県有施設は人数制限や予約制などの感染対策をとったうえで開館します。

新潟県 重点措置が適用されれば初めて

【新潟県】
新潟県内の確保病床の使用率は、17日時点で26%です。
入院患者は17日時点で167人です。

新型コロナウイルスの新たな変異ウイルス「オミクロン株」などの影響で感染が再び、急拡大していることを受け、新潟県は「まん延防止等重点措置」を適用するよう18日午後、政府に要請しました。
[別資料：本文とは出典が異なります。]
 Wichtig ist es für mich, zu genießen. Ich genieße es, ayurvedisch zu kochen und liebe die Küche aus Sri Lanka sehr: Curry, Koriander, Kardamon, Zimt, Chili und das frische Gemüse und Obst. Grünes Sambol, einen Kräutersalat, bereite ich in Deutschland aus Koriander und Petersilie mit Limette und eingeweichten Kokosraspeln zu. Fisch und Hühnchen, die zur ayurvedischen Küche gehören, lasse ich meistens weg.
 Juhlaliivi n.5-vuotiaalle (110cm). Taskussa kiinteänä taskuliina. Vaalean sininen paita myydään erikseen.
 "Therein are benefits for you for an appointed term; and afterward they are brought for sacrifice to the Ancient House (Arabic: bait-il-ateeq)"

新潟県内では今月に入って新型コロナウイルスの感染の確認が急増し、県のシミュレーションでは、飲食店への時短要請など強い措置を講じなければ1日あたりの感染者数は来月5日には1万8000人以上に上るとみられ、医療提供体制に大きな影響を及ぼしかねないとしています。

このため、県は18日午前、各市町村のトップや専門家を交えた対策本部会議を開き、病床のひっ迫などを防ぐため「まん延防止等重点措置」を適用するよう政府に要請することを決め、午後要請しました。
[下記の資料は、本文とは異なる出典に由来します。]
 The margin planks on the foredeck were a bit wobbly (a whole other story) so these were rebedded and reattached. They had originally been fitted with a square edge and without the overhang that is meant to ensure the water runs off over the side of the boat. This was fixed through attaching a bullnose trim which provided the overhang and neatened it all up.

重点措置が適用されれば、新潟県としては初めてとなり、県はすべての地域の飲食店などに対し、営業時間を午後8時までに短縮し酒類の提供を自粛するよう要請するほか、感染症対策を講じているとして県の認証を受けた店は、営業時間を午後9時まで、酒類の提供を午後8時までとすることも選択できるようにします。

そして、条件を受け入れた店には1店舗あたり最大20万円の協力金を支払います。

要請に応じない場合、花角知事は新型コロナウイルス対策の特別措置法に基づく命令や、20万円以下の過料を科すことを検討します。
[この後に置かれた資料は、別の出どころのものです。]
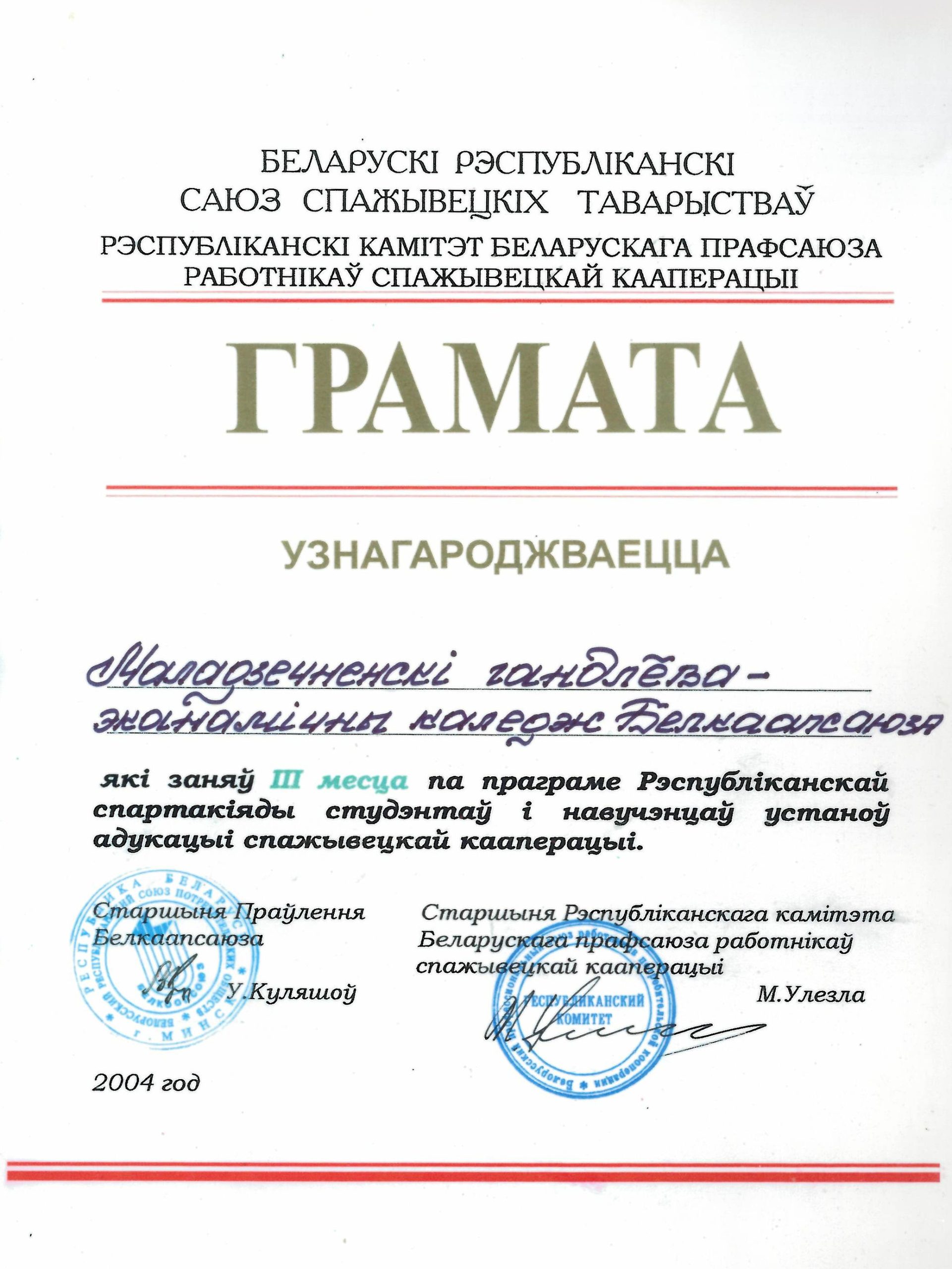 Дипломом I степени Белкоопсоюза и БРК профсоюзов потребительской кооперации награжден коллектив колледжа–победитель VI Республиканского смотра-конкурса художественной самодеятельности студентов и учащихся учреждений образования потребительской кооперации. Дипломом Правления Белкоопсоюза и БРК профсоюзов награждена команда колледжа, занявшая II место в VII спартакиаде студентов и учащихся учреждений образования потребительской кооперации. Дипломом РИПО награжден педагогический коллектив за участие в XI республиканской выставке научно-методической литературы и педагогического опыта.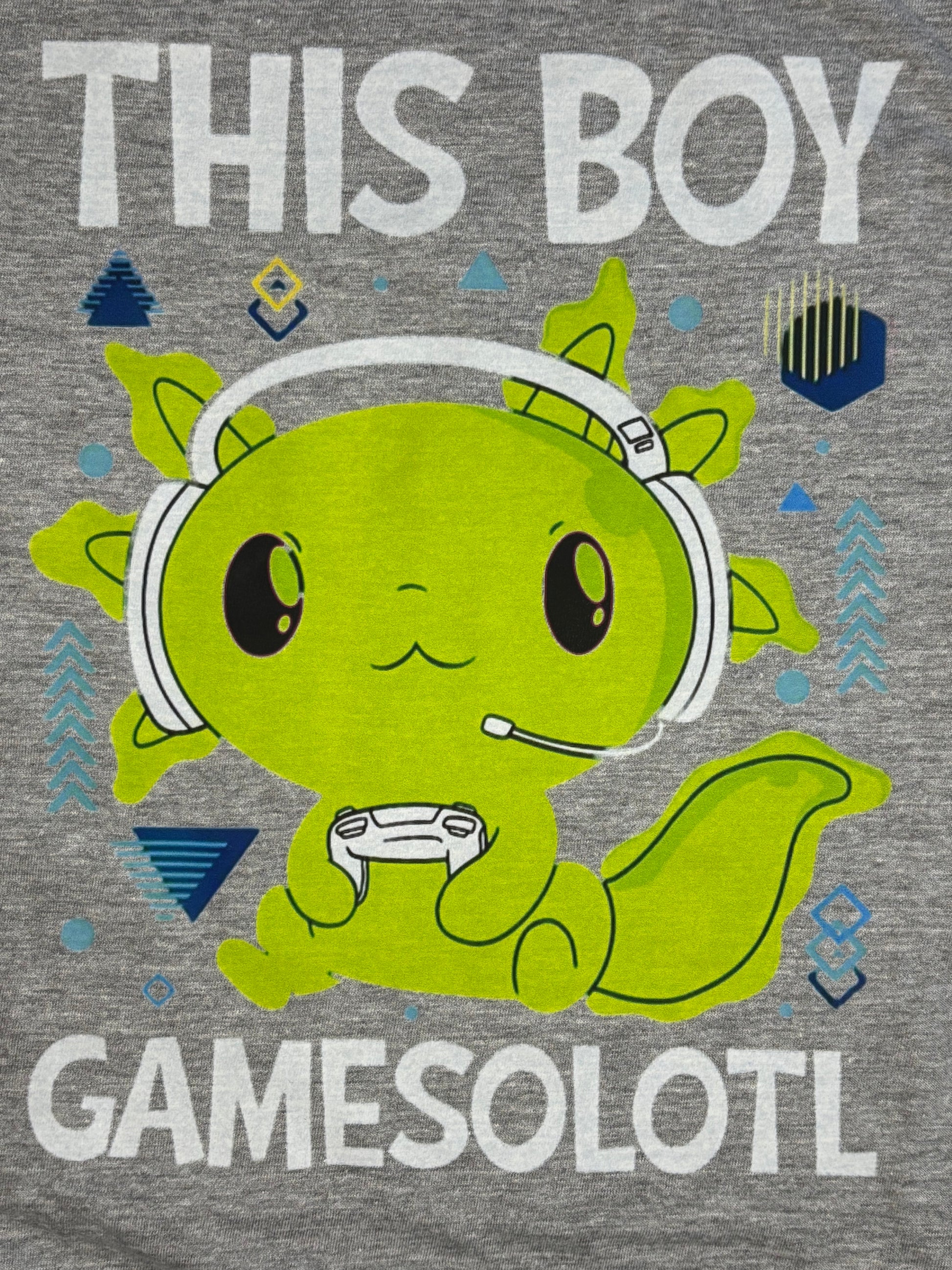 Direct to film 'This Boy Gamesolotl' on Gildan name brand T-shirt. This design is placed on the front of the shirt. The shirt that is used for the pictures is a Gildan large, sport grey, youth softstyle T-shirt.

さらに、イベントの開催にあたっては2万人を上限とするほか、大型の商業施設に対し、酒類の提供を自粛するとともに、客の密集を防ぐ対策を講じるよう要請することにしています。

東海3県

【愛知県】
愛知県の17日時点の病床使用率は12%です。

愛知県の大村知事は、新型コロナウイルスの感染が県内で急拡大していることを受けて、岐阜県・三重県と足並みをそろえて「まん延防止等重点措置」の適用を国に要請する考えを17日、明らかにしていました。
愛知県によりますと18日午前、国に対して正式に「まん延防止等重点措置」の適用を要請したということです。
措置が適用された場合、愛知県は設楽町・東栄町・豊根村を除く県内のほぼ全域を対象地域として、飲食店の営業時間の短縮要請などの対策を行う方針です。

【岐阜県】
岐阜県の17日時点の病床使用率は22%です。
岐阜県は17日、県内42のすべての市町村を対象にすることを念頭に、国に「まん延防止等重点措置」の適用を要請しました。
適用された場合は、1か月程度の間、飲食店に対して営業時間を午後8時までに短縮することや、酒類を提供しないことなどを要請し、協力金は店の規模に応じて3万円から20万円にする方針です。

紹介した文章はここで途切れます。